4. Future improvements in this space
Ordered roughly by how directly they attack the measured bottleneck (bandwidth-bound decode):
| Lever | Idea | Status for PLaMo |
|---|---|---|
| Continuous batching | Amortize weight reads across users | Works for PLaMo 3 (~5×); hybrid capped at 5 seqs by the crash above — fixing it is the cheapest win |
| Lower-bit quantization | Fewer bytes per weight read = proportionally faster decode | Q4 ≈ 2× over Q8 in principle; for PLaMo 2 requires the ssm_out exemption we documented (study 1; llama.cpp#24501) |
| Speculative decoding | Verify k drafted tokens in one weight-read | Measured in study 1 (on llama.cpp): lossless but unprofitable for the hybrid (SSM checkpoint overhead).

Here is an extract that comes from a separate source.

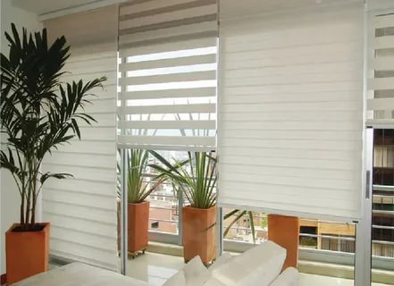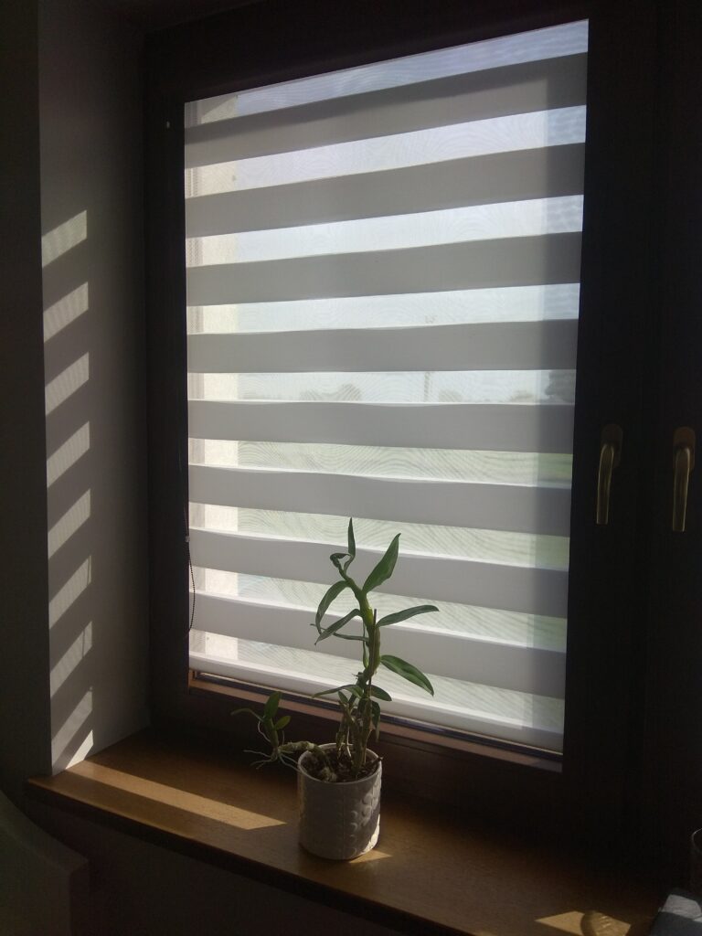 Rolety dzień/noc na wymiar, które mogą Państwo znaleźć w naszej ofercie, to połączenie walorów użytkowych i wysokiej estetyki. Dzięki specjalnemu systemowi w prosty sposób można wpuścić maksymalną ilość światła i rozjaśnić pomieszczenie. Umożliwiają również ustawienie umiarkowanego oświetlenia w pomieszczeniu lub całkowite odcięcie wnętrza od dopływu światła, tym samym gwarantując prywatność po zmierzchu. W ten sposób można regulować jednak nie tylko ilość przepuszczanego światła, ale również ciepła. Każdy egzemplarz stworzony na wymiar skutecznie zatrzymuje silne promienie słoneczne, które latem mogłyby znacząco podnosić temperaturę w salonie, kuchni, czy jadalni. Dzięki zastosowaniu prowadnic, materiał naszych rolet dzień/noc nie powiewa i nie uderza o szybę w przypadku przewiewu.

The same rollback now exists in llama.cpp, vLLM and SGLang (conditionally) — but the open win is self-drafting on attention-only PLaMo 3, which avoids the rollback tax entirely |
| MTP / EAGLE heads | Self-drafting without a separate model | No public head exists for any PLaMo; PLaMo 3's vocabulary suggests PFN has internal scaffolding (study 2) |
| Chunked prefill | Interleave prefill chunks with decode steps to protect latency under load | Supported by llama.cpp/vLLM; PFN reported ~3–10% gains in their vLLM meetup talk |
| P/D disaggregation | Separate prefill and decode onto different hardware pools | Server-scale only — and notably unavailable for SSM models in vLLM (state can't be transferred like KV cache): a third place the hybrid architecture taxes deployment |
The through-line of all three studies: Samba-style hybrids buy training-time and
long-context efficiency, but on today's inference stacks they pay three measured deployment taxes —
speculative-decoding rollback overhead (study 1), quantization fragility of ssm_out (study 1),
and a batching ceiling (this study). PLaMo 3's return to full attention avoids all three. Quantifying that
trade-off is exactly the work of inference optimization.